(Beginning of Extracted entries)

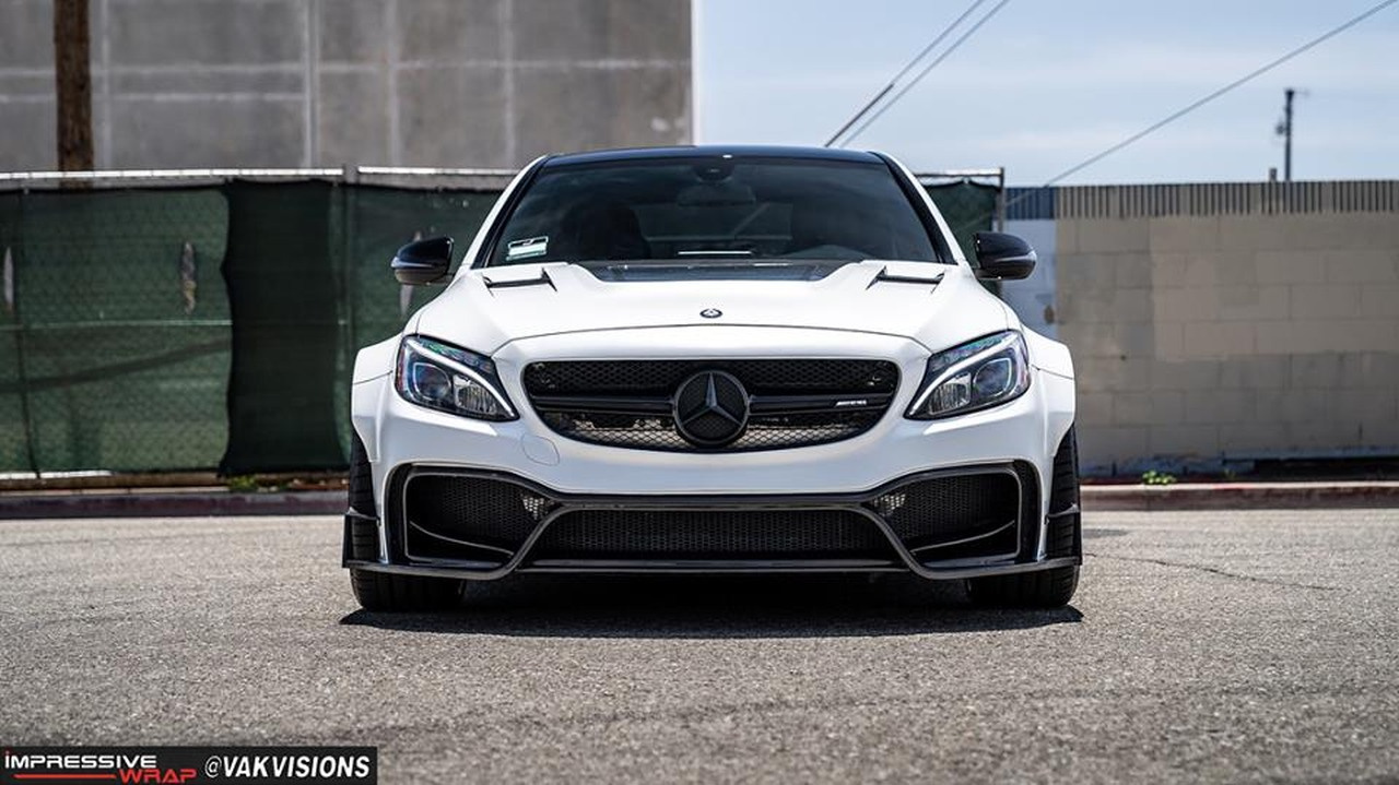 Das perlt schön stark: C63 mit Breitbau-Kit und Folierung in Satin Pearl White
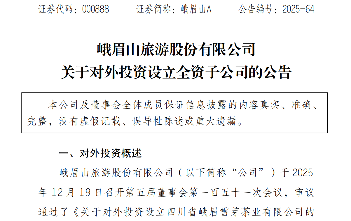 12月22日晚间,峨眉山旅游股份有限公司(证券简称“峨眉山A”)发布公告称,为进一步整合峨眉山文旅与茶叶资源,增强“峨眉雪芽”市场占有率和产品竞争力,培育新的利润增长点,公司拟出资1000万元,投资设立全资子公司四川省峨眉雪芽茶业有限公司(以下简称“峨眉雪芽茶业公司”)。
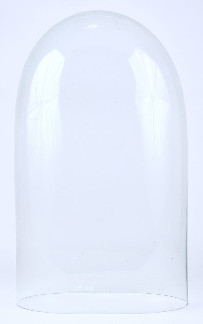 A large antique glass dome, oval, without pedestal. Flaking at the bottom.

(End of Extracted entries)
(Beginning of Extracted entries)

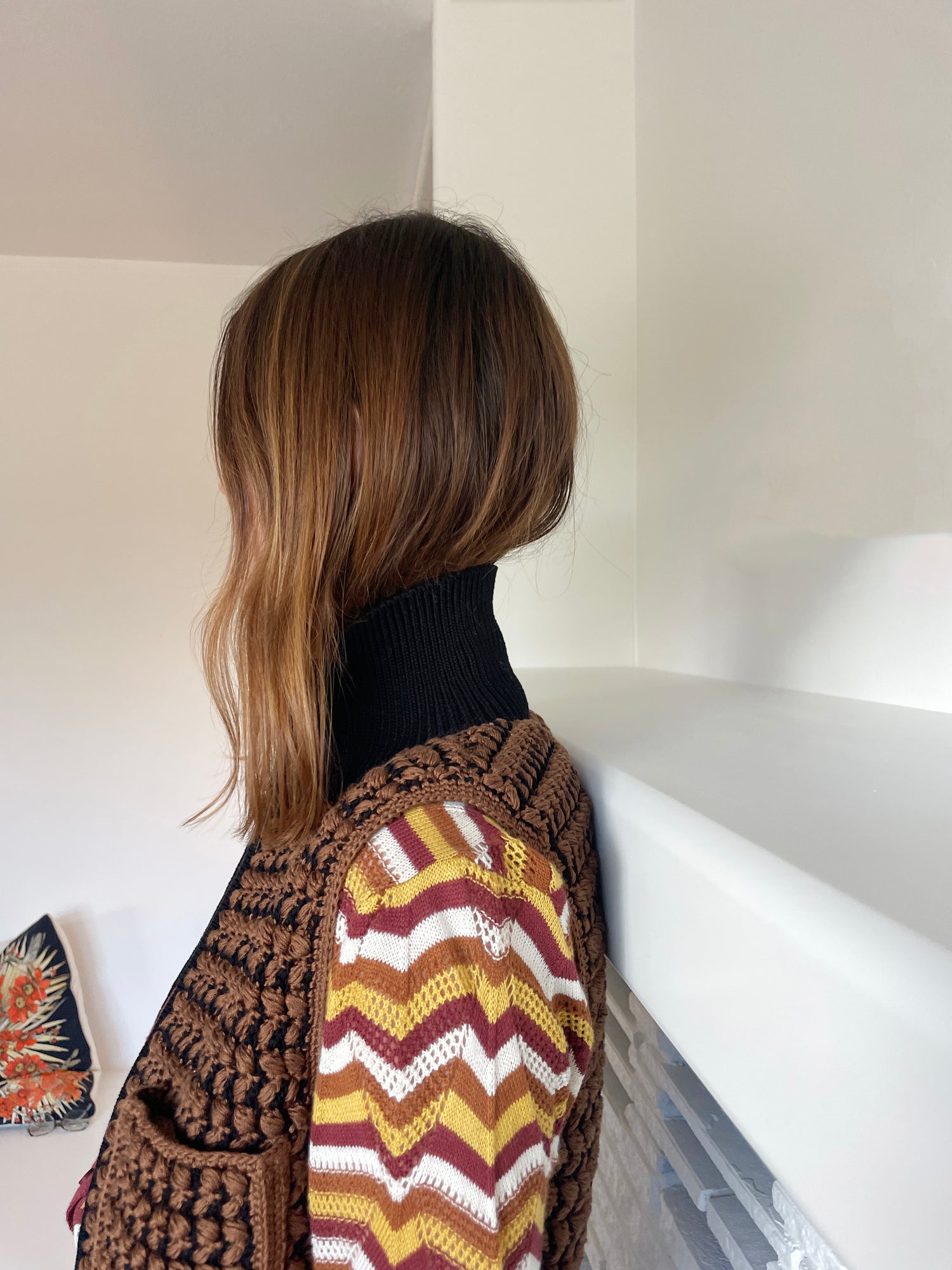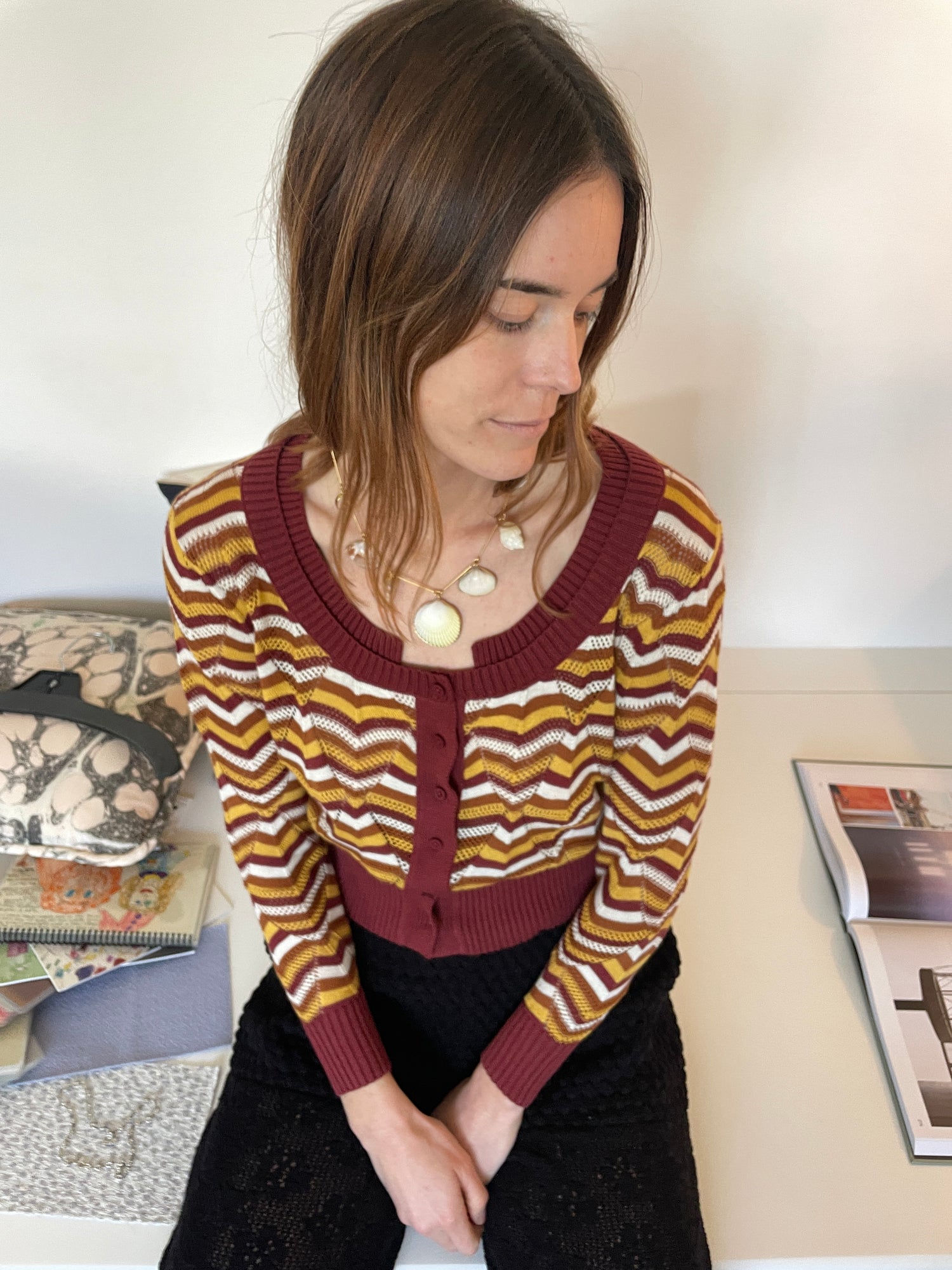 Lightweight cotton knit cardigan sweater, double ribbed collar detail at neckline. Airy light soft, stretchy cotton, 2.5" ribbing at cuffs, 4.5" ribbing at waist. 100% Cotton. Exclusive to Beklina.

(End of Extracted entries)

## Aim of the exercise
From the material above, output only the span of lines that starts at the one containing "Das perlt schön" and finishes at the one containing "A large antique", word for word and free of pictures.

## Output of the task
 Das perlt schön stark: C63 mit Breitbau-Kit und Folierung in Satin Pearl White
 12月22日晚间,峨眉山旅游股份有限公司(证券简称“峨眉山A”)发布公告称,为进一步整合峨眉山文旅与茶叶资源,增强“峨眉雪芽”市场占有率和产品竞争力,培育新的利润增长点,公司拟出资1000万元,投资设立全资子公司四川省峨眉雪芽茶业有限公司(以下简称“峨眉雪芽茶业公司”)。
 A large antique glass dome, oval, without pedestal. Flaking at the bottom.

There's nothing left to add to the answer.